**Exercise prompt**
Every line below should be copied exactly; drop the pictures.

**Dataset extract**
►
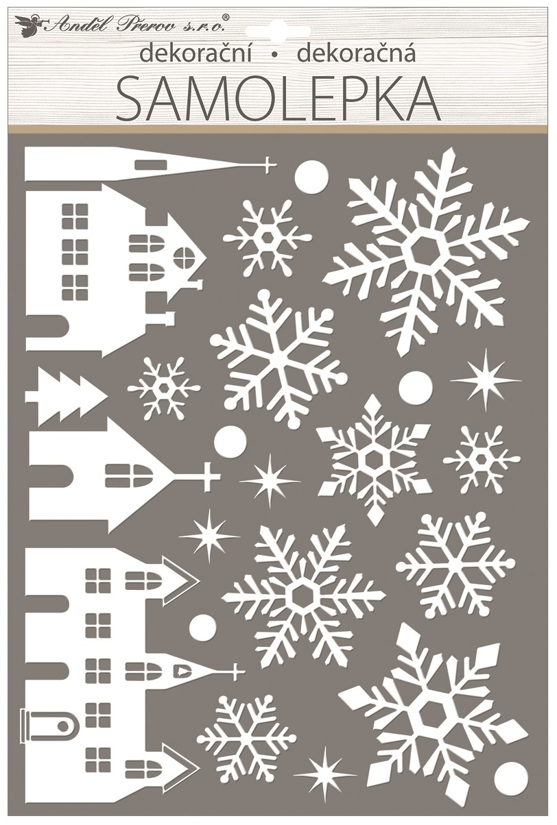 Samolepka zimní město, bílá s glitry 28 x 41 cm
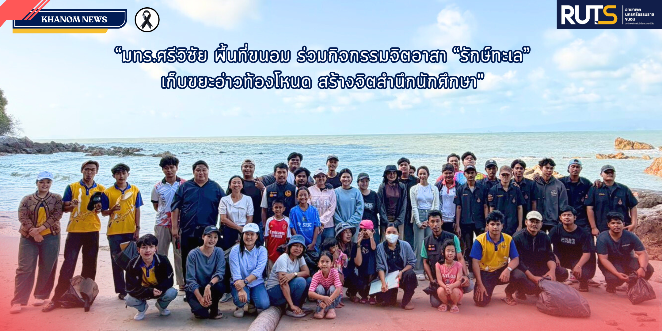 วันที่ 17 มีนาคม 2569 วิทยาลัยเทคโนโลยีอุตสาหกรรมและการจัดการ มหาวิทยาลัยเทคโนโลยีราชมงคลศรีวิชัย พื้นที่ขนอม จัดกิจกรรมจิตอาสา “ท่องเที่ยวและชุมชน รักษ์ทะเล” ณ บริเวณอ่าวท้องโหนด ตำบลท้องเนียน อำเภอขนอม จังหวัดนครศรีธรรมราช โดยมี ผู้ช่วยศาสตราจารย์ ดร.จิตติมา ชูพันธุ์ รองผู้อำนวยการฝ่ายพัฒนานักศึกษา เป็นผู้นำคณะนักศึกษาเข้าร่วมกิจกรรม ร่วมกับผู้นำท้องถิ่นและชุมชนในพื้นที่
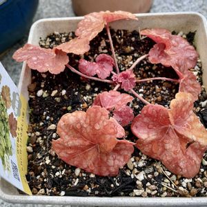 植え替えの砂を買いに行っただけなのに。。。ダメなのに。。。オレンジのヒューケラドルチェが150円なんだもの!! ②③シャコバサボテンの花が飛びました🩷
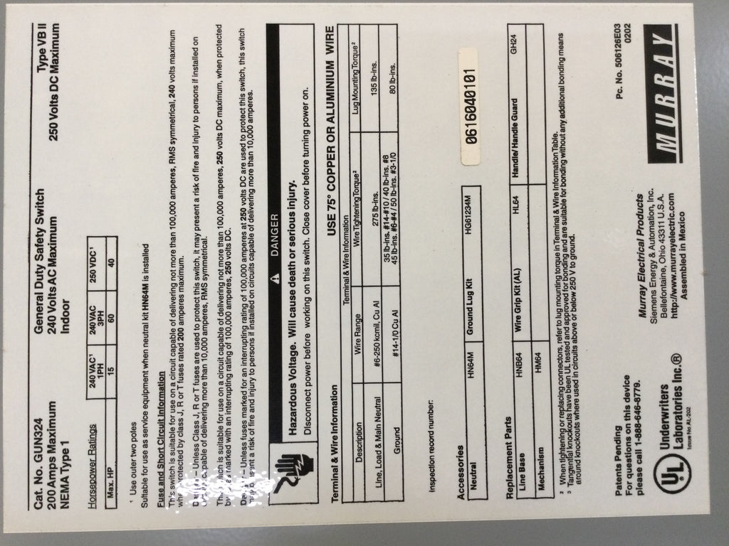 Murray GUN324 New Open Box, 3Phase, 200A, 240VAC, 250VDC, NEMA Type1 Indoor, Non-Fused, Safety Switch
◄
**Exercise result**
 Samolepka zimní město, bílá s glitry 28 x 41 cm
 วันที่ 17 มีนาคม 2569 วิทยาลัยเทคโนโลยีอุตสาหกรรมและการจัดการ มหาวิทยาลัยเทคโนโลยีราชมงคลศรีวิชัย พื้นที่ขนอม จัดกิจกรรมจิตอาสา “ท่องเที่ยวและชุมชน รักษ์ทะเล” ณ บริเวณอ่าวท้องโหนด ตำบลท้องเนียน อำเภอขนอม จังหวัดนครศรีธรรมราช โดยมี ผู้ช่วยศาสตราจารย์ ดร.จิตติมา ชูพันธุ์ รองผู้อำนวยการฝ่ายพัฒนานักศึกษา เป็นผู้นำคณะนักศึกษาเข้าร่วมกิจกรรม ร่วมกับผู้นำท้องถิ่นและชุมชนในพื้นที่
 植え替えの砂を買いに行っただけなのに。。。ダメなのに。。。オレンジのヒューケラドルチェが150円なんだもの!! ②③シャコバサボテンの花が飛びました🩷
 Murray GUN324 New Open Box, 3Phase, 200A, 240VAC, 250VDC, NEMA Type1 Indoor, Non-Fused, Safety Switch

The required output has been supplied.